Exercise => Starting with the line that has "Bărbatul a fost" in the records below and stopping after the line that has "Visit Proof |", output every line exactly and nothing else; skip pictures.

(Dataset items)
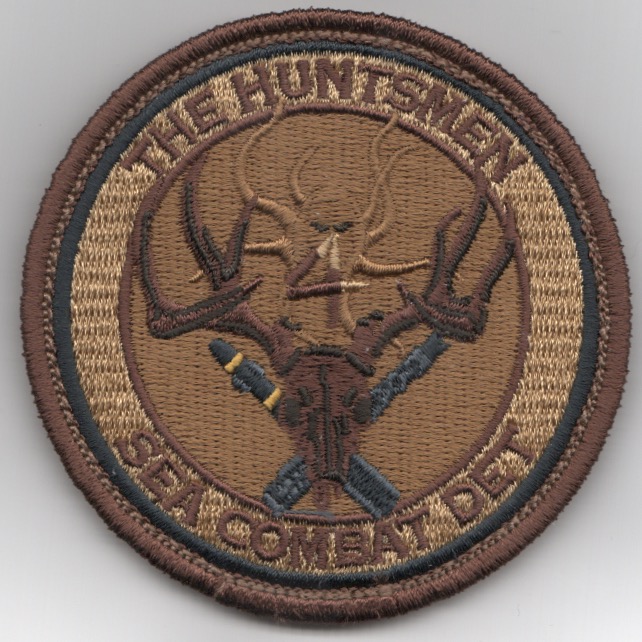 Another AV8RSTUFF creation for the HSC-28/Det-4 ‘HUNTSMAN’ patch depicting a “MALE” deer. Behind the antlers, you can barely detect the “octopus” (their logo) and the patch says “SEA COMBAT DET” along the bottom. This is the desert version of their “HUNTSMEN” patch does come with velcro attached.
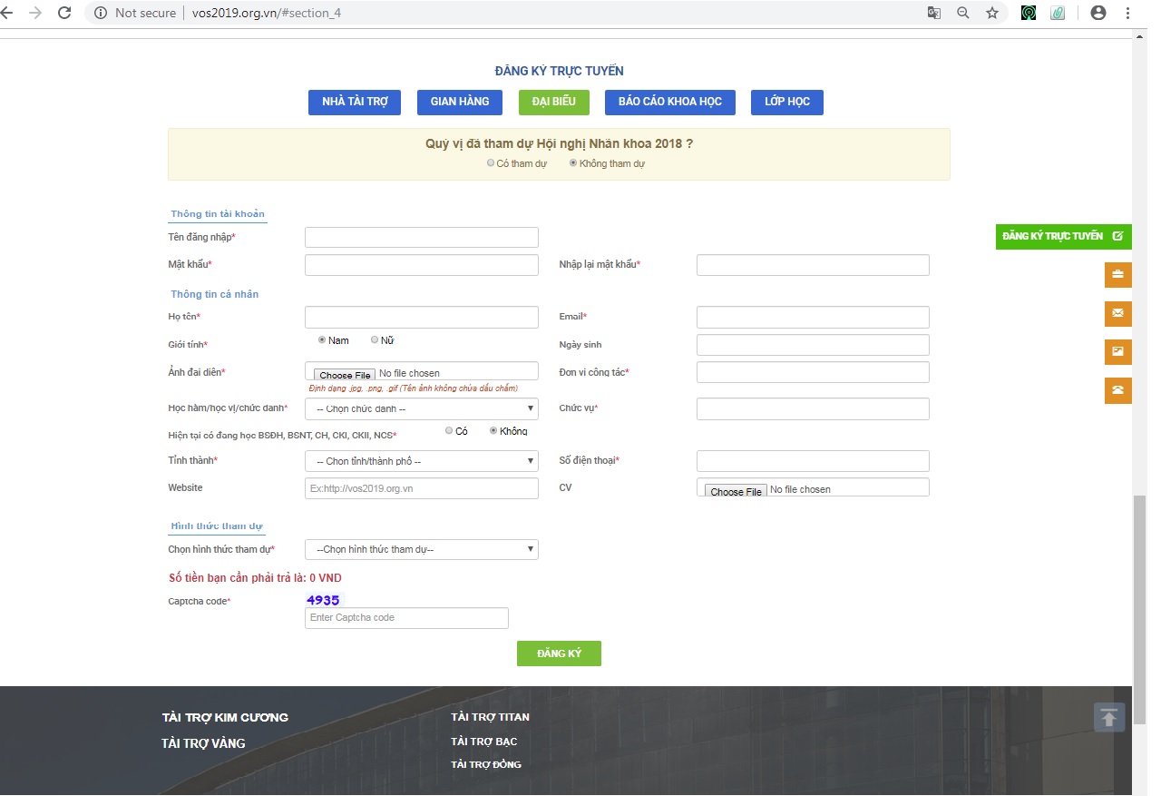 - Đăng nhập website chính thức của Hội nghị: http\\www.vos2019.org.vn
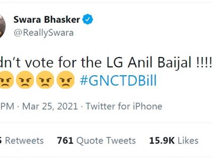 दिल्लीच्या नायब राज्यपालांचा अधिकार वाढवणारे विधेयक बुधवारी राज्यसभेतही मंजूर झाले. बॉलिवूड अभिनेत्री स्वरा भास्करने यावर उपरोधिक प्रतिक्रिया दिली आहे.
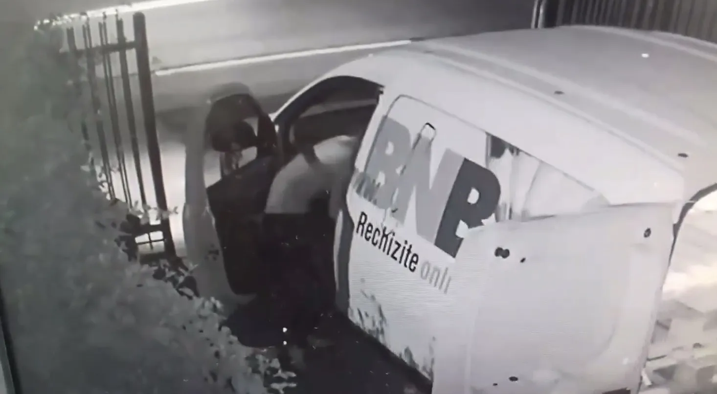 Bărbatul a fost filmat de camere cum profită de momentele scurte în care șoferul unei autoutilitare care descărca marfă în curtea unei societăți comerciale se întoarce cu spatele și apoi intră în mașină pentru a sustrage bunuri.
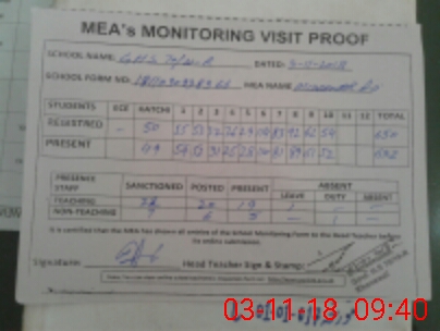 | Attendance Register | Head Teacher | MEA with School | Visit Proof |
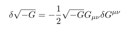 이를 이용해서 metric G 의 determinant 인 G 의 variation 을 구할 수 있다.
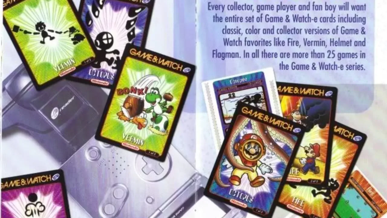 Game & Watch-e is a series of e-Reader cards meant with ports and remake versions of Game & Watch games. Each game in the Collection would receive three versions: a Classic Version (a "direct" port of the Game & Watch original), a Color Version (remakes similar to the ones in Game & Watch Gallery series) and a Collector Version. In all, more than 25 games were planned, but due to the failure of the e-Reader in North America, the only card ever produced was Manhole-e: Classic Version.
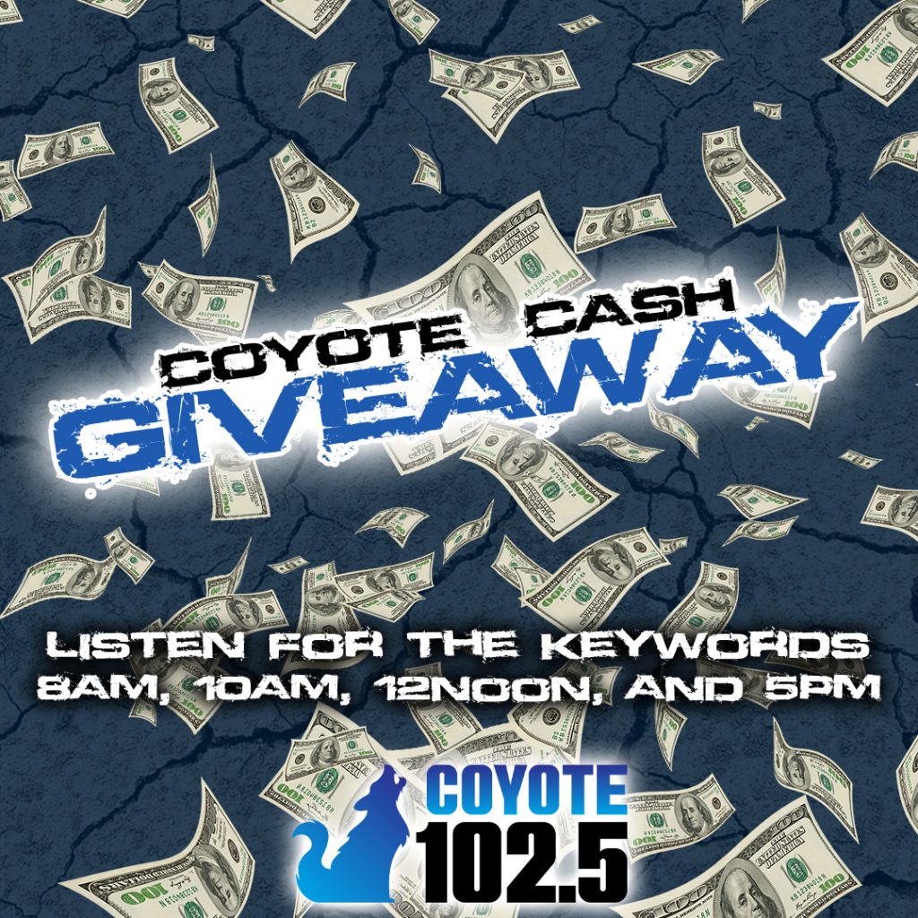 Listen every weekday at 8AM, 10AM, 12 Noon, and 5 PM for the Coyote Cash keyword. When you hear it, enter the keyword here at Coyote1025.com. You’ll be entered to win a thousand dollars!
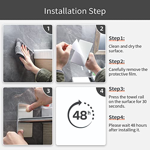 - سهل التركيب: تركيب ذاتي اللصق بدون ثقب، لا يتلف الجدار. ببساطة قم بإزالة الصمغ الفائق، والصق قضيب المنشفة على الحائط واضغط عليه لبضع ثوانٍ.
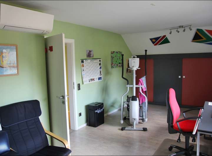 Dämmung der obersten Geschossdecke; Klimageräte (Daikin); Kaminofen Wohnzimmer; getrennte Zähler; Glasfaser liegt im Haus.
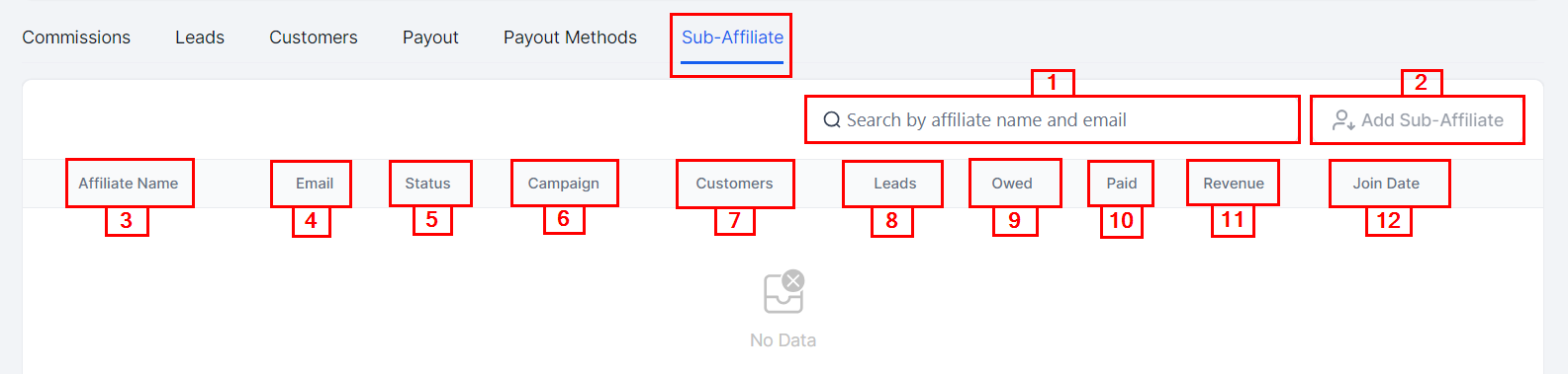 - Owed: The payout owed to each sub-affiliate will be displayed here.
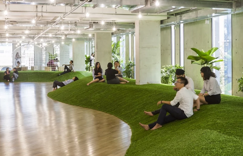 離工作地方不遠的地方,就是一個休閑區(qū),這是一種獨特的辦公室裝修設計。
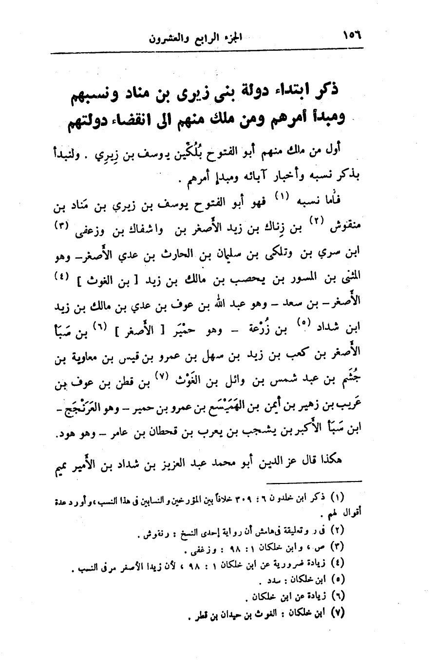 فأما نسبه «1» فهو أبو الفتوح يوسف بن زيرى بن مناد بن منقوش «2» بن زناك بن زيد الأصغر بن واشفاك بن وزعفى «3» ابن سرى بن وتلكى بن سليمان بن الحارث بن عدى الأصغر- وهو المثنى بن المسور بن يحصب بن مالك بن زيد [بن الغوث] «4» الأصغر- بن سعد- وهو عبد الله بن عوف بن عدى بن مالك بن زيد ابن شداد «5» بن زرعة- وهو حمير [الأصغر] «6» بن سبأ الأصغر بن كعب بن زيد بن سهل بن عمرو بن قيس بن معاوية بن جشم بن عبد شمس بن وائل بن الغوث «7» بن قطن بن عوف بن عريب بن زهير بن أيمن بن الهميسع بن عمرو بن حمير- وهو العرنجج- ابن سبأ الأكبر بن يشجب بن يعرب بن قحطان بن عامر- وهو هود.

Response to the task =>
 Bărbatul a fost filmat de camere cum profită de momentele scurte în care șoferul unei autoutilitare care descărca marfă în curtea unei societăți comerciale se întoarce cu spatele și apoi intră în mașină pentru a sustrage bunuri.
 | Attendance Register | Head Teacher | MEA with School | Visit Proof |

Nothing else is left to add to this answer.